I have a bunch of XML files and an R script that reads their contents into a data frame. However, I do have files that I would like to parse as usual, but there is something in their namespace definition that prevents me from selecting their values, usually with XPath expressions.

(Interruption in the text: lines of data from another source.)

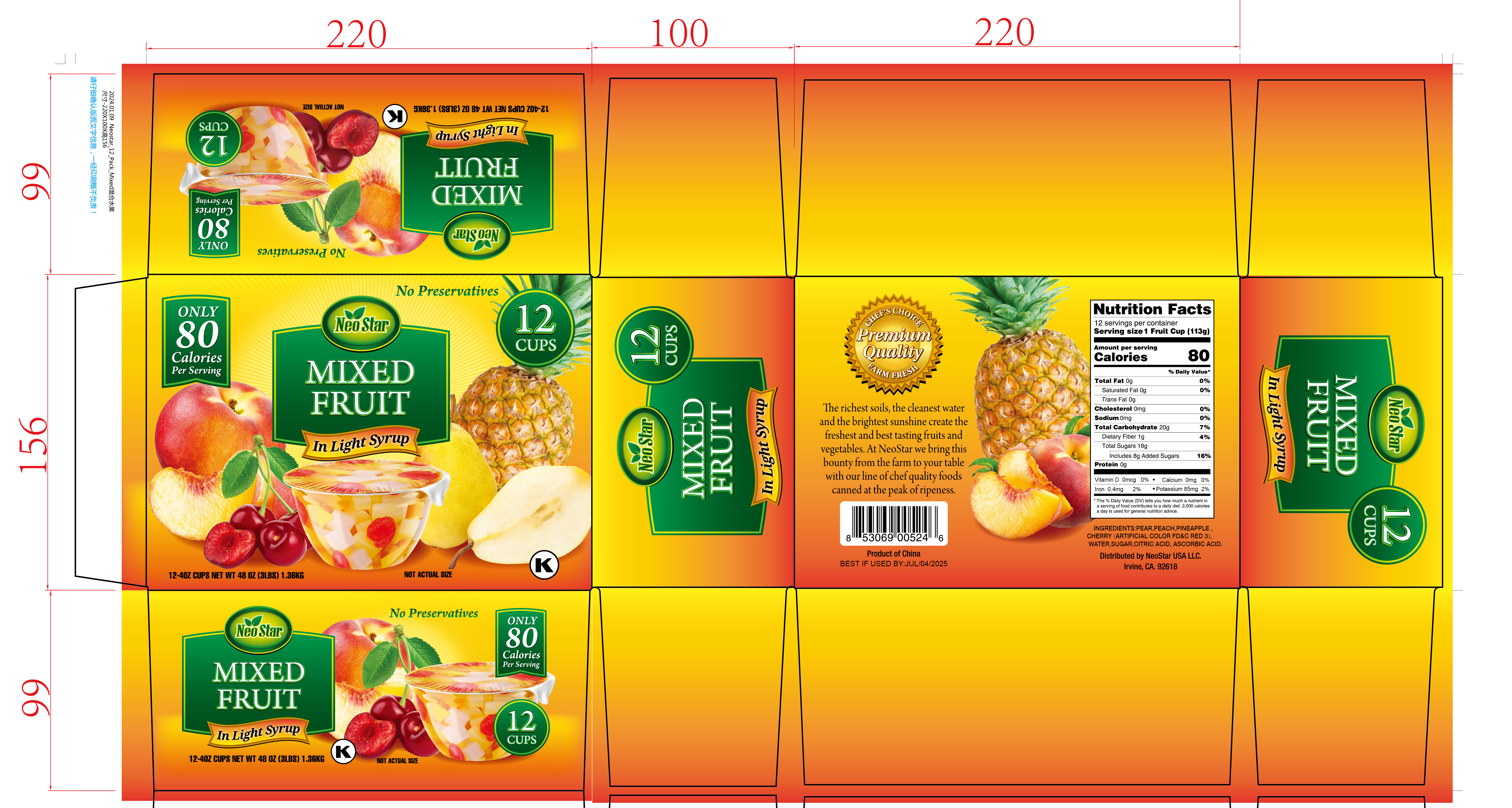 12/4oz Mixed Fruit Cups, Light Syrup
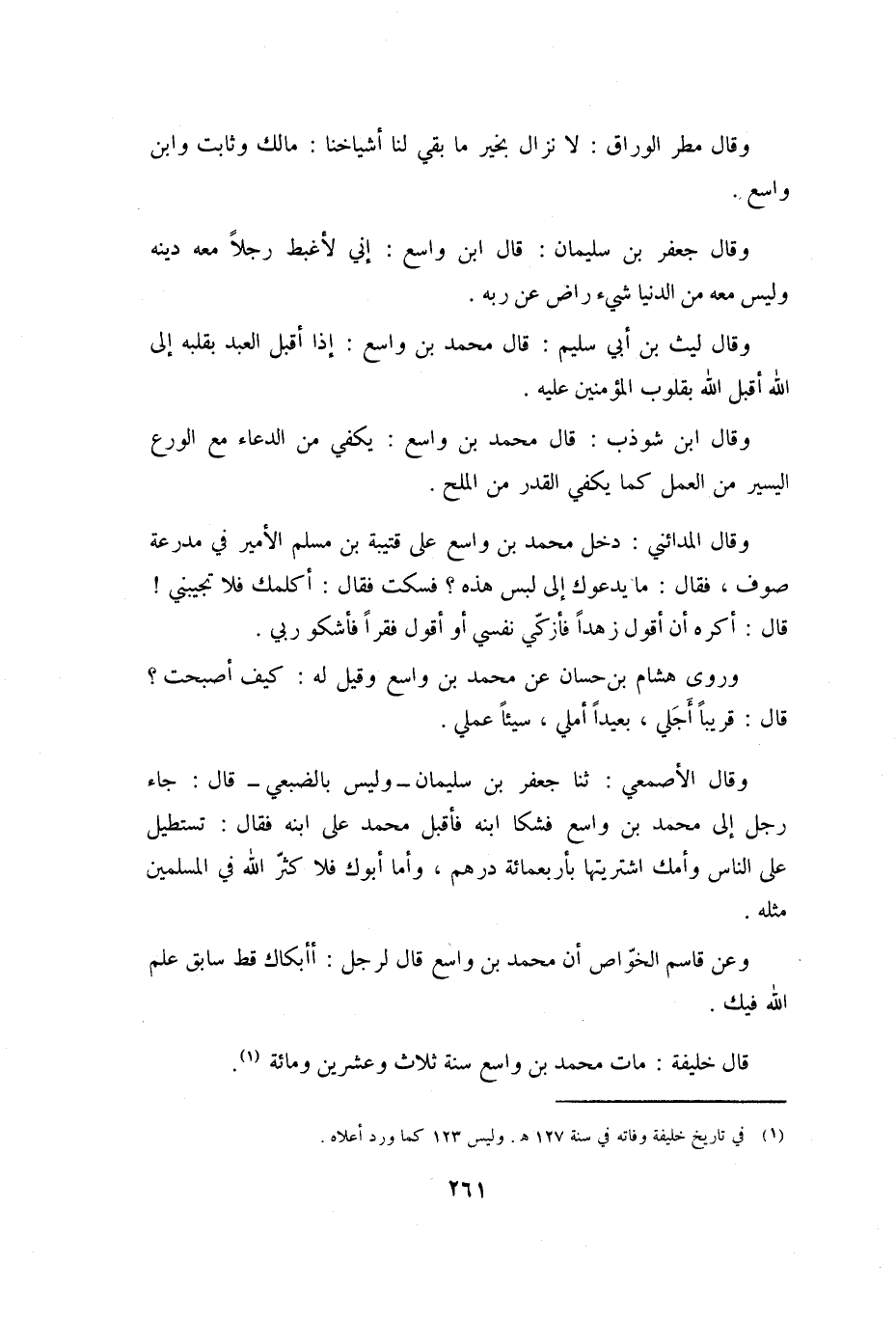 قَالَ خَلِيفَةُ: مَاتَ مُحَمَّدُ بْنُ وَاسِعٍ سَنَةَ ثلاث وعشرين ومائة [1] .
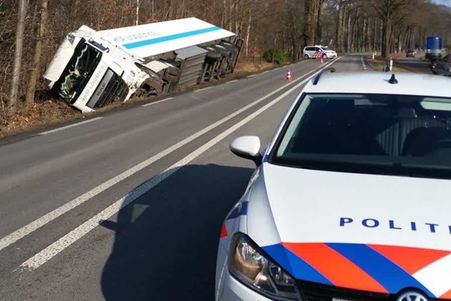 Op de Misterweg in Winterswijk is een vrachtwagen door nog onbekend reden in de berm terecht gekomen. Het grote voertuig ligt op zijn kant in de berm langs de N318.
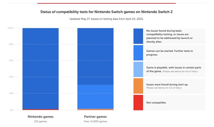 Das liegt je nach Spiel entweder an der fehlenden Infrarot-Kamera der Joy-Con 2, oder aber daran, dass die etwas größeren Controller schlicht nicht in Zubehör-Produkte wie den Ring-Con-Adapter passen. Insgesamt 118 Spiele sollen auf der Switch 2 gar nicht erst starten, darunter durchaus beliebte Spiele wie Darksiders Genesis, Dead by Daylight, Final Fantasy, Little Nightmares Complete Edition, NieR: Automata, South Park: The Fractured But Whole und Wolfenstein II: The New Colossus. Laut Nintendo werden diese Probleme aktuell noch untersucht.
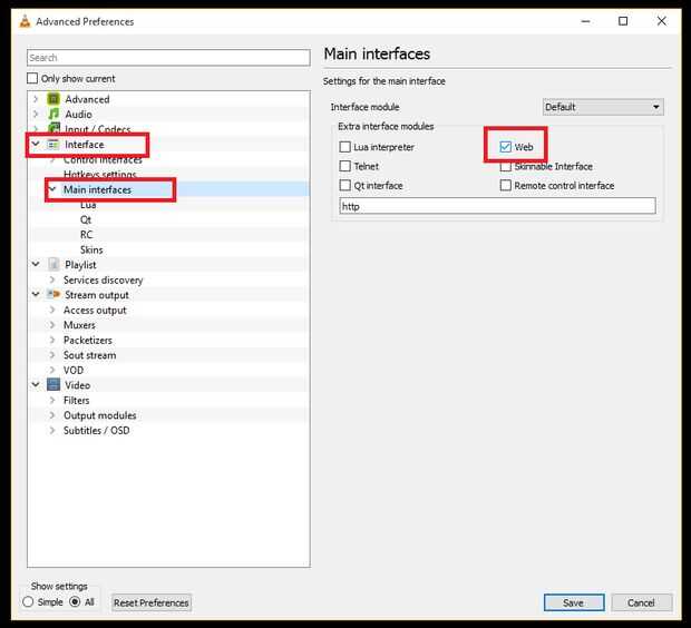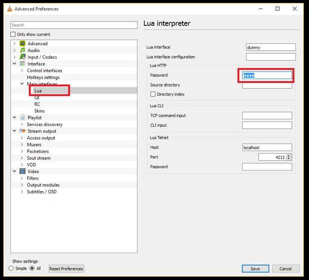 Usted necesitará configurar VLC para activar control HTTP. Para esto, vaya a "Herramientas" -> "Preferencias" y clic en "Mostrar configuración: todos". Luego vaya al "Interfaz","principal" y asegúrese de que está activada la opción "Web" y dice "http" en el cuadro de texto. Por último, ir a "Lua" (bajo "interfaz principal"), escriba la contraseña que desee en "Lua HTTP" y haga clic en guardar.

The XML files are as follows:
xml_nons.xml
<?xml version="1.0" encoding="UTF-8"?> <XML> <Node> <Name>Name 1</Name> <Title>Title 1</Title> <Date>2015</Date> </Node> </XML>
And other:
xml_ns.xml
<?xml version="1.0" encoding="UTF-8"?> <XML xmlns="http://www.nonexistingsite.com"> <Node> <Name>Name 2</Name> <Title>Title 2</Title> <Date>2014</Date> </Node> </XML>
The URL xmlns points to does not exist.
The R code I use looks like this:
library(XML) xmlfiles <- list.files(path = ".", pattern="*.xml$", full.names = TRUE, recursive = TRUE) n <- length(xmlfiles) dat <- vector("list", n) for(i in 1:n){ doc <- xmlTreeParse(xmlfiles[i], useInternalNodes = TRUE) nodes <- getNodeSet(doc, "//XML") x <- lapply(nodes, function(x){ data.frame( Filename = xmlfiles[i], Name = xpathSApply(x, ".//Node/Name" , xmlValue), Title = xpathSApply(x, ".//Node/Title" , xmlValue), Date = xpathSApply(x, ".//Node/Date" , xmlValue) )}) dat[[i]] <- do.call("rbind", x) } xml <- do.call("rbind", dat) xml
However, as a result, I get:
Filename Name Title Date ./xml_nons.xml Name 1 Title 1 2015
If I remove the namespace link from the second file, I will return:
Filename Name Title Date ./xml_nons_1.xml Name 1 Title 1 2015 ./xml_ns_1.xml Name 2 Title 2 2014
Of course, I can have XSL to remove these namespaces from the XML source files, but I would like to have some solution that works inside R. Is there a way to tell R to simply ignore everything in the XML declaration?